## EXERCISE DETAILS
Transcribe the listing exactly; drop the images.

## DATASET EXTRACT
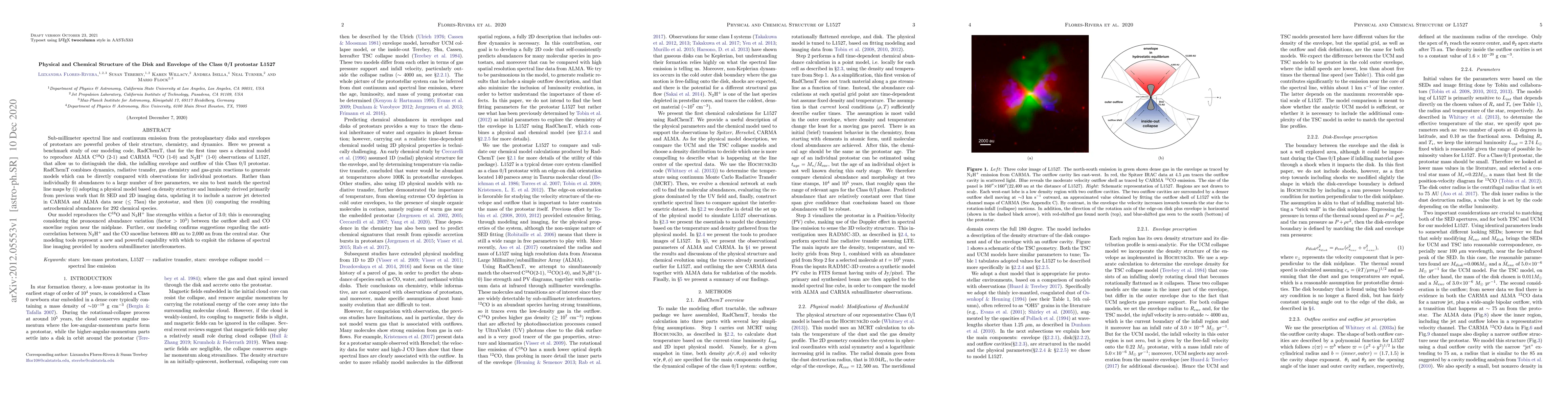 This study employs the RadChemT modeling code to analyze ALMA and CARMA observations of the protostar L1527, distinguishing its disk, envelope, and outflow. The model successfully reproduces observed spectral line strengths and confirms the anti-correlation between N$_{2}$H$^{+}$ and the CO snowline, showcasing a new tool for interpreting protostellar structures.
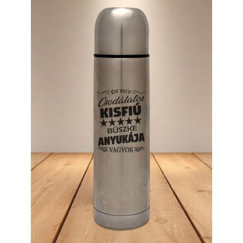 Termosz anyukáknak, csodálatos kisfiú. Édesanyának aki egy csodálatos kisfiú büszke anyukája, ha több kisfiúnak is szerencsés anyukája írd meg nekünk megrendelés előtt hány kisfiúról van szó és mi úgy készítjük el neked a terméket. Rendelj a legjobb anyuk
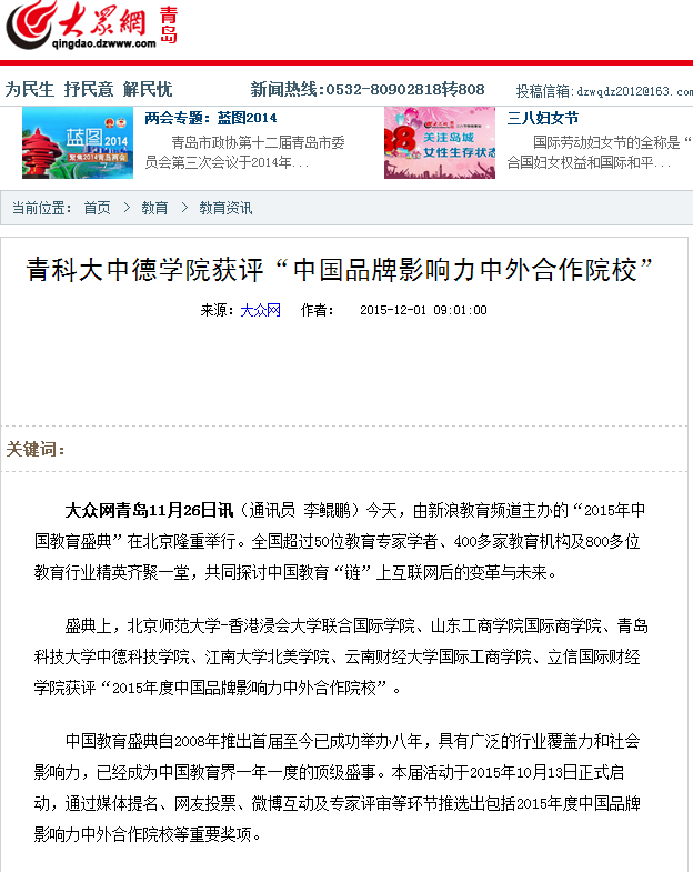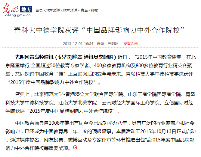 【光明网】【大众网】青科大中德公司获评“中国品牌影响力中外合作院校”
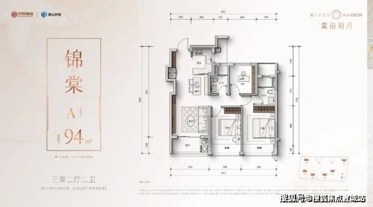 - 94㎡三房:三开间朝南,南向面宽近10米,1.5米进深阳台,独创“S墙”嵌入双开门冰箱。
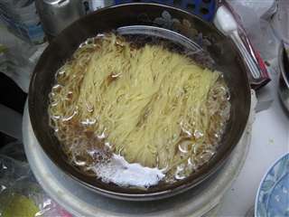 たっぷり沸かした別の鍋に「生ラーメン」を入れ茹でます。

## EXERCISE OUTPUT
 This study employs the RadChemT modeling code to analyze ALMA and CARMA observations of the protostar L1527, distinguishing its disk, envelope, and outflow. The model successfully reproduces observed spectral line strengths and confirms the anti-correlation between N$_{2}$H$^{+}$ and the CO snowline, showcasing a new tool for interpreting protostellar structures.
 Termosz anyukáknak, csodálatos kisfiú. Édesanyának aki egy csodálatos kisfiú büszke anyukája, ha több kisfiúnak is szerencsés anyukája írd meg nekünk megrendelés előtt hány kisfiúról van szó és mi úgy készítjük el neked a terméket. Rendelj a legjobb anyuk
 【光明网】【大众网】青科大中德公司获评“中国品牌影响力中外合作院校”
 - 94㎡三房:三开间朝南,南向面宽近10米,1.5米进深阳台,独创“S墙”嵌入双开门冰箱。
 たっぷり沸かした別の鍋に「生ラーメン」を入れ茹でます。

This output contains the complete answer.